Frequently Asked Questions

Common clinical questions about ACEPHEN vs BENICAR, answered by our medical review team.

1. What is the main difference between ACEPHEN and BENICAR?

ACEPHEN is a Non-Opioid Analgesic that works by ACEPHEN (acetaminophen) is a para-aminophenol derivative with analgesic and antipyretic activity. Its mechanism involves inhibition of cyclooxygenase (COX) enzymes in the central nervous system, particularly COX-2, reducing prostaglandin synthesis. It has weak peripheral COX inhibition and minimal anti-inflammatory effect.. BENICAR is a Angiotensin II Receptor Blocker that works by Olmesartan medoxomil is a prodrug that is hydrolyzed to olmesartan, a selective angiotensin II receptor type 1 (AT1) antagonist. It blocks the vasoconstrictor and aldosterone-secreting effects of angiotensin II, reducing blood pressure.. They differ in pharmacokinetic profiles, FDA-approved indications, and side effect profiles.

2. Which is stronger: ACEPHEN or BENICAR?

Potency comparisons between ACEPHEN and BENICAR depend on the specific clinical indication. These are agents from distinct pharmacological classes and are not directly interchangeable by dose. A physician or clinical pharmacist should guide any therapeutic switching decisions.

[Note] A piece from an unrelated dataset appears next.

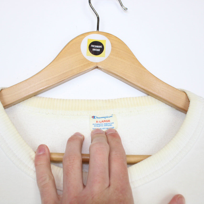 Vintage 90's Champion White and Navy Blue Montgomery USA Spellout Sweatshirt Jumper Size on label: XL Our recommended size: XL Pit to pit (inches): 24 Length (inches): 28 All products listed are vintage unless stated otherwise in the description. These items are pre-loved and pre-worn, resulting in small signs of wear and minor fading. We think this adds to their unique authenticity, but if an item has any major flaws these will be stated below. - The sweatshirt does have some patches of discolouration throughout along with some to the collar too Please contact us if you have any further questions!

3. What is the standard dosing for ACEPHEN vs BENICAR?

The standard adult dose of ACEPHEN is: 325-650 mg orally every 4-6 hours as needed; maximum 4 g/day.. The standard adult dose of BENICAR is: Initial: 20 mg orally once daily; titrate to 40 mg once daily. Maximum 40 mg/day.. Dosing should always be individualized based on indication, renal and hepatic function, age, and other patient factors.

4. Can you take ACEPHEN and BENICAR together?

No direct drug-drug interaction has been formally documented between ACEPHEN and BENICAR in current clinical databases. However, individual patient risk factors including other medications, organ function, and comorbidities should always be evaluated by a qualified healthcare provider.

5. Are ACEPHEN and BENICAR safe during pregnancy?

The maternal-fetal safety profiles differ. ACEPHEN is classified as Category C. Pregnancy Category C. First trimester: potential risk of neural tube defects and orofacial clefts (limited human data, animal studies show embryotoxicity). Second and third trimest. BENICAR is classified as Category C. Pregnancy Category C (first trimester) and D (second and third trimesters). Exposure during the first trimester is associated with a potential risk of teratogenicity, though data a. Always consult a maternal-fetal medicine specialist before taking either drug during pregnancy or lactation.